Desisti de ter carro. E foi ótimo!

Faz um tempão que estou enrolando para fazer esse post aqui para vocês. É sobre a melhor coisa que eu deixei de ter: um carro!

Antes de qualquer coisa, quero dizer que EU SEI que não é todo mundo que pode se dar ao luxo de não ter carro. Soa estranho, né? Mas não é toda cidade que possui infraestrutura de transporte público e/ou oferta de aplicativos de mobilidade (Uber/Cabify/99) a ponto de poder confiar em outro modal de transporte.

Mas eu moro em São Paulo capital e perto de estações do metrô, e não tenho filhos (o que geralmente exige termos carro também). Então não tinha muita desculpa no meu caso, sabe? Por mais de um ano eu fiquei morando perto do metro e indo a pé para o trabalho, mas mesmo assim não tinha coragem de desapegar da ideia de possuir um carro, mesmo usando-o pouquíssimo. Até que tomei coragem e vendi.

Meu carro era velhinho; então ele dava bem pouca despesas. Eram R$ 100 de rastreador (as seguradoras não o aceitavam mais) e uns R$ 60 de gasolina por mês (realmente usava bem pouco). O IPVA dele à época estava em torno de R$ 900 ( = 75/mês).

Total de gastos mensais: R$ 235. Não estou colocando na conta eventuais manutenções e valet/estacionamentos porque eu gastava bem pouco com essas coisas também.

Vendi meu carro em maio do ano passado. Então, fiz um levantamento do quanto gastei de Cabify/Uber/99 nos seis primeiros meses, a partir de junho – primeiro mês completo que estava sem carro:

Jun: R$ 154
Jul: R$ 111,51
Ago: R$ 166,73
Set: R$ 244,6
Out: R$ 308,41
Nov: R$ 162,53

Resultado: só em dois meses eu ultrapassei com Uber o valor dos meus gastos com o carro (em um desses meses eu fiz duas viagens, então poderia até tirar da conta, porque eu usaria o Uber na viagem mesmo que tivesse carro. Mas mantive mesmo assim).

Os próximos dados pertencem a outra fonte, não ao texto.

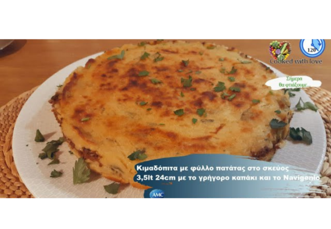 Σε ένα μπολ φτιάχνουμε την ζύμη και την χωρίζουμε στα 2. Στο πάτο του 3.5lt βάζουμε χαρτί ψησίματος με ελαιόλαδο. Ανοίγουμε το 1ο φύλλο στον πάτο. Προσθέτουμε την γέμιση μαζί με μέρος από τα τυριά και ανοίγουμε το 2ο φύλλο από πάνω. Προσθέτουμε το υπολειπόμενα τυριά από πάνω και τον κρόκο. Ανοίγουμε το μάτι στο 2 και βάζουμε το navigenio ανάποδα στο 1ο πεδίο για 60’.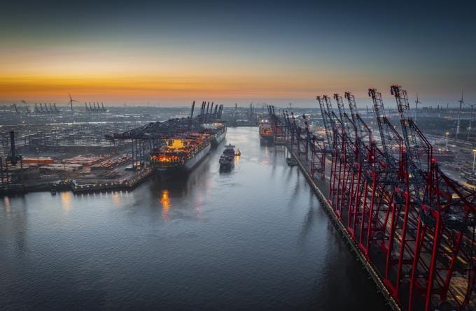 Aerial view of a container terminal with large container cargo ships and gantry cranes. A cargo ship is navigating through the central waterway. On both sides of the waterway are massive container terminals lined with red and black gantry cranes used for loading and unloading ships. on the left docked ships with brightly lit containers. Moody sky at dawn. Port of Hamburg in Germany, Europe.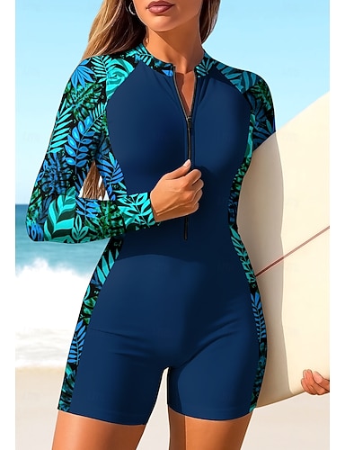 Pentru femei Regulat Bariere Iritatie Costum de baie Boyleg Tropical Inchide fermuarul Pernițe Detașabile Fermoar Față Protecție UV la soare UPF50+ Ultra Ușor (UL) Manșon Lung Costume de Baie Bariere
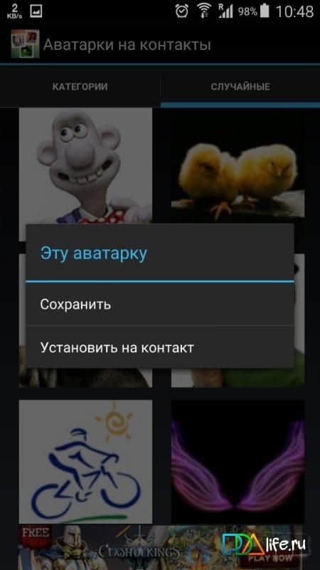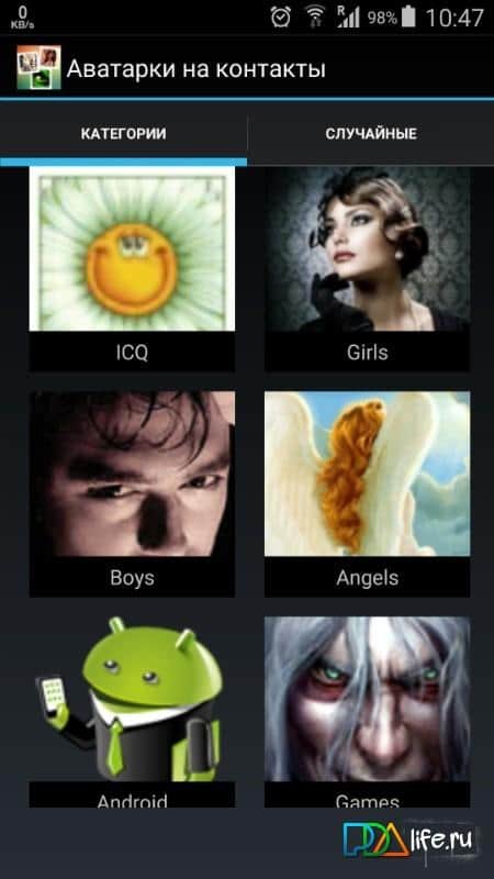 Avatar, bu kelimenin modern anlamında, ağdaki görüntümüzdür; bu nedenle, seçimimize bu kadar çok zaman ve dikkat ayırıyoruz. İnternetteki sayısız resmi ve kendi fotoğraflarımızı karıştırmak zorunda kalmamak için, bu uygulamayı yüklemek yeterlidir. Bu uygulama, avatar olarak kullanılmak üzere uyarlanmış geniş bir görüntü koleksiyonuna erişim sağlar (görüntü boyutları 110x110 piksel). Mevcut tüm resimler tematik kategorilere ayrılmıştır ve ne seçeceğinizi bilmiyorsanız, rastgele seçim yapabilirsiniz. Beğendiğiniz resimleri ya kaydedip sonra kullanabilir ya da hemen akıllı telefonunuzda kaydedilmiş kişilere ayarlayabilirsiniz.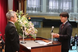 また、在学生の代表から卒業生・修了生へ感謝と激励の送辞を述べると、学部卒業生の代表が「この4年間を振り返ると、多くの学びと貴重な経験を積むことができ、非常に有意義な時間であった。」と学生生活を振り返るとともに、家族や関係者への感謝の言葉を述べました。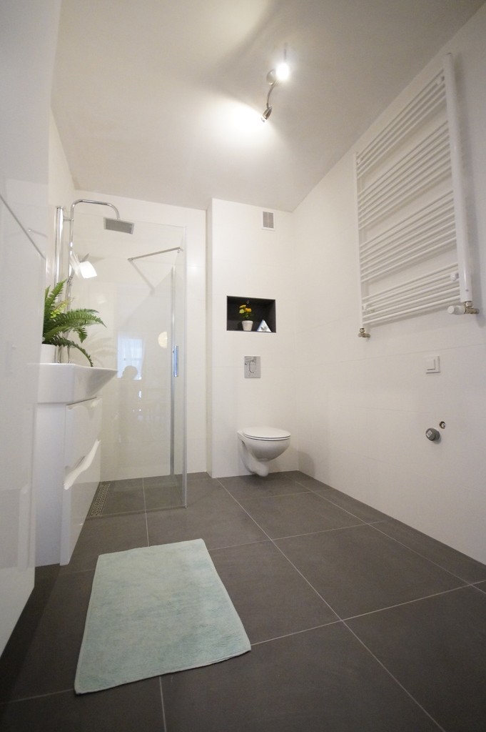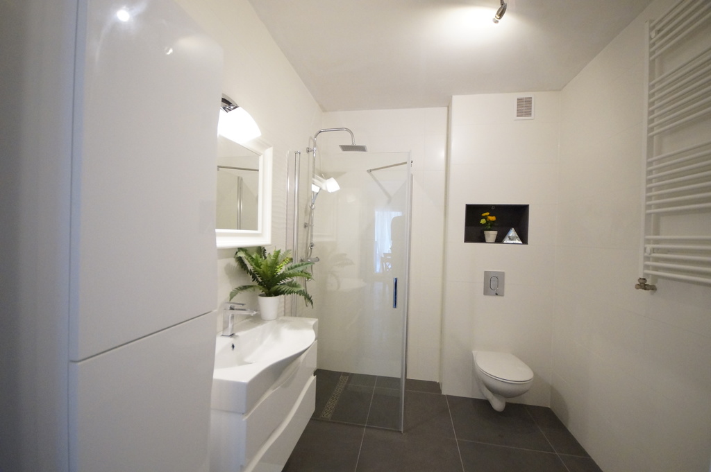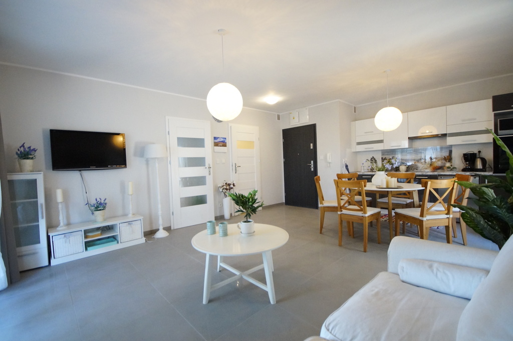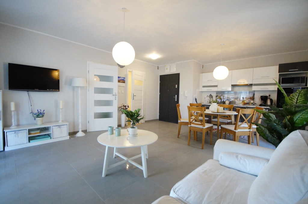 Apartament jest nowocześnie wykończony, z łazienką wyposażoną w kabinę prysznicową z odpływem liniowym wc i umywalkę oraz kompletnie wyposażonym i umeblowanym aneksem kuchennym ( meble w zabudowie, płyta kuchenna, zmywarka, lodówka) .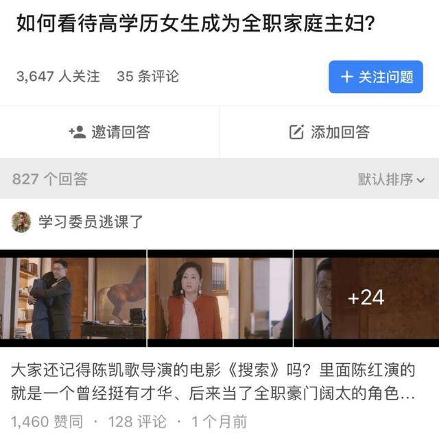 知乎里一个关于“如何看待高学历女生成为全职家庭主妇”问题下的827个回答就足以证明这个话题在当下的热度。全心为家庭付出能不能得到尊重,是不是对教育资源的浪费,会不会对女性的社会地位产生影响…这些潜在的危险都让抉择中的女性辗转反侧。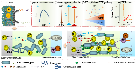 论文针对胞外电子传递(EET)限制生物电化学系统(BESs)能量转化的瓶颈问题,该研究基于MFC-微生物电解池(MEC)生物能源耦合系统,聚焦于阳极生物膜界面,提出通过电场调控生物膜电化学活性的策略,重点探讨了电场对阳极/生物膜/溶液界面EET的调控机制,强调了电场增强EET的关键作用。适度电场可以有效促进EET,通过降低电子传递的重组能和活化能来发挥作用。此外,电场的调控作用依赖于静电驱动力、生物膜结构和电化学性能的协同平衡。生物膜的结构特性与其电化学性能密切相关。低电场强度的效果不明显,而高电场强度则会导致生物膜结构过度致密,进而限制EET效率。

No total dos seis meses, eu teria gasto com o carro R$ 1.410 e com os aplicativos de transporte eu gastei R$ 1147,95.

Além da economia de R$ 252,05, devo dizer que mesmo enquanto eu tinha carro, eu já usava Uber com alguma frequência…

Devo dizer também que o valor que eu obti com a venda do carro foi integralmente investido. Nos três primeiros meses dessa aplicação, eu obtive um rendimento de R$ 463,63. Nem estou colocando esse lucro na conta, porque eu realmente “dei sorte” que a bolsa de uma boa subida no momento em que fiz a aplicação. Mas mesmo assim, né?

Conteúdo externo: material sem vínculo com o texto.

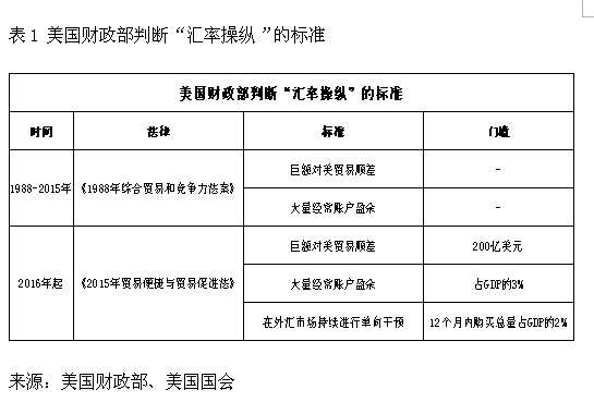 關于匯率操縱,美國現(xiàn)行的法律框架是2016年實施的《2015年貿易便捷與貿易促進法案》(簡稱“法案”),其中第701條是美國判定一國為“匯率操縱國”的法律依據(jù)。根據(jù)該法第701條(a)(2)(A)(ii)條款,當一國滿足以下三個標準時會被認定為“匯率操縱國”: (1)存在巨額對美貨物貿易順差;(2)存在大量的經常賬戶盈余;(3)在外匯市場持續(xù)進行單向干預。在2016年4月29日美國財政部發(fā)布的報告中,明確了法案中三個標準的量化門檻(表1)。目前中國顯然不符合第二條和第三條標準,因此不能被認定為“匯率操縱國”。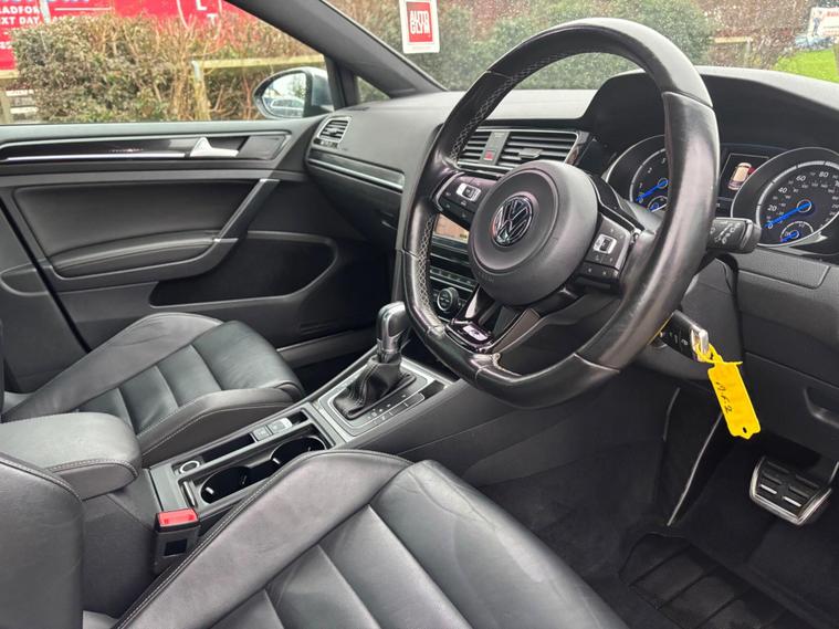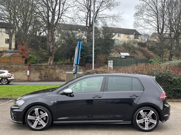 WE ARE PLEASED TO OFFER THIS HIGHLY DESIRABLE HIGH SPECIFICATION HIGHLY MAINTAINED RARE LOW OWNERSHIP TOTALLY STANDARD AND UNMODIFIED VOLKSWAGEN GOLF 2.0 TSI BLUEMOTION TECH R DSG 4 MOTION EURO SIX FIVE DOOR + FINISHED IN THE BEST COLOUR OF DEEP BLACK METALLIC PAINTWORK AND IS COMPLEMENTED WITH A FULL BLACK VIENNA LEATHER UPHOLSTERY + ONLY 81, 281 MILES HAS BEEN COVERED IN TOTAL BY TWO OWNERS IN TOTAL AND IS BACKED WITH AN OUTSTANDING SERVICE HISTORY WHICH IS COMPRISED OF NINE SERVICES ( EIGHT OF WHICH HAVE BEEN CARRIED OUT BY A VOLKSWAGEN SPECIALIST ) + THE SERVICES HAVE BEEN CARRIED OUT AT 10437 MILES, 18913 MILES, 32508 MILES, 40404 MILES, 47614 MILES, 56373 MILES, 61455 MILES , 74752 MILES AND 85890 MILES + THIS SERVICE WAS CARRIED OUT BY GERMAN AUTO CARE OF PUDSEY AND INCLUDED THE HALDEX SERVICE, GEARBOX SERVICE PLUS NEW DISCS AND PADS ALL ROUND + THE MOT IS TILL THE 18TH OF JANUARY 2027 + EXCELLENT CONDITION THROUGHOUT AND DRIVES SUPERB + 300 BHP MODEL WITH FOUR WHEEL DRIVE HANDLING + FULL R SPECIFICATION WHICH INCLUDES SATELLITE NAVIGATION / HEATED FRONT SEATS / DAB TUNER / CRUISE CONTROL / FULL ELECTRIC PACK WITH POWERFOLD DOOR MIRRORS / REAR TINTED GLASS / FRONT SPORT SEATS / PARK PILOT WITH FRONT AND REAR PARKING SENSORS / 18'' FIVE DOUBLE SPOKE ALLOY WHEEL WHICH ARE FITTED WITH BRIDGESTONE TYRES ALL ROUND / MEDIA PACK / DAB TUNER / CRUISE CONTROL / MULTI FUNCTION LEATHER STEERING WHEEL / ONBOARD COMPUTER PLUS MUCH MORE + HANDBOOK PACK + STAMPED SERVICE BOOK WITH INVOICES AND RECEIPTS + 2 X KEYS + ANY TRIAL OR INSPECTION IS WELCOMED + HPI CLEAR WITH CERTIFICATE + SIX MONTHS NATIONWIDE WARRANTY IS INCLUDED + THIS TRULY CHERISHED EXAMPLE MUST BE VIEWED TO BE APPRECIATED AND MUST NOT BE CONFUSED WITH LESSER EXAMPLES AVAILABLE. We have been established in Baildon for over 20 years. All our vehicles are fully inspected, prepared and valeted. We are finance specialists. Part exchange is welcome. All major credit and debits accepted. Open 7 days. Our postcode is BD177EX..
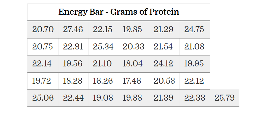 The labels on a particular brand of energy bars claim that each bar contains 20 grams of protein. We have collected a random sample of 31 energy bars from a number of different stores to represent the population of this brand of bars available to the general consumer. The data are listed in the following table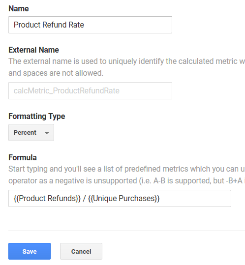 Calculated Metrics i Google Analytics giver mulighed for at udregne nye metrics på baggrund af andre eksisterende metrics.
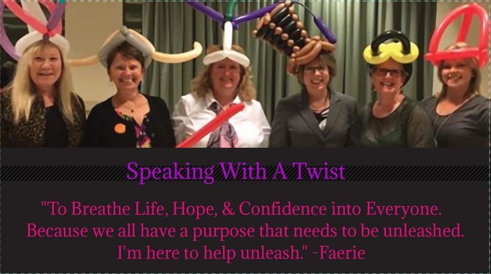 Iโll close off the blog with a shoutout to fellow Toastmaster, friend, author, and motivational speaker Faerie Grace. Speaking with a Twist is amazing and makes your events memorable. Faerie is awesome at her craft and she also makes some sweet balloon animals. Iโd highly recommend her for your next workshop, team building event, or womenโs retreat.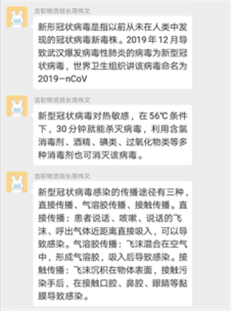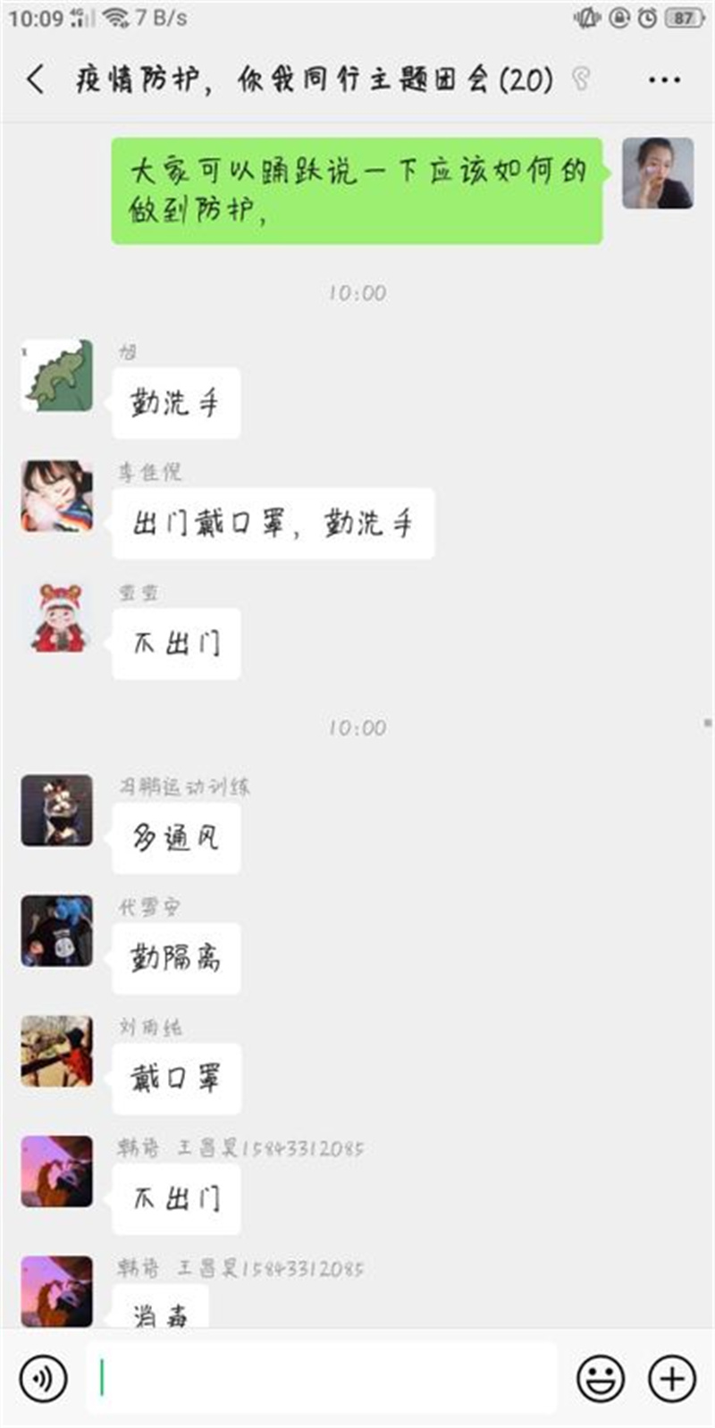 主题团会充分利用现代信息技术,采取了线上互动,由各班团支部书记主持。会议开始,各团支部书记带领大家学习新冠肺炎及有关防疫知识,传达当前全国抗疫工作形势,而后共同学习了《坚持党的领导,全团动员,在防控疫情阻击战中充分发挥共青团生力军和突击队作用的通知》精神。会后,团员们纷纷表示,通过本次团会,更加明确了要承担当代共青团员使命,发挥模范带头作用,坚定信念,团结一心,坚决执行国家、学院的各项防疫措施,自觉配合做好疫情防控工作,与全国人民手拉手,肩并肩,闯过难关,坚决打赢这场疫情防控阻击战!

Bom, esse post teve dois objetivos:

Um deles é tão simples quanto sugerir que você reflita especificamente se você precisa mesmo de um carro ou não. Automóvel é o que o Robert Kyosaki, autor de Pai Rico, Pai Pobre, chama de “passivo”: algo em que você investe dinheiro, mas que só lhe dá prejuízo e aumento de gastos (a não ser que você seja um investidor em carros, o que é outra história!). E o que vai nos deixar ricas é investir em ATIVOS: coisas que vão nos gerar lucros futuros.

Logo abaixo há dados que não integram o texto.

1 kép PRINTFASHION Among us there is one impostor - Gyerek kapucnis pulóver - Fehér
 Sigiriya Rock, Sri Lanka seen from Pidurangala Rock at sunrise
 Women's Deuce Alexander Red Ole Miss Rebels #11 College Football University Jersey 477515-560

A outra coisa que queria era estender essa reflexão para outros aspectos da sua vida: quais são os bens, objetos, hábitos que você possui e mantém que só drenam o seu dinheiro? Só geram gastos cada vez maiores, sem retorno financeiro algum? Essas coisas poderiam ser eliminadas sem muito impacto no seu bem estar e qualidade de vida? O que te impede de se livrar dessas tralhas?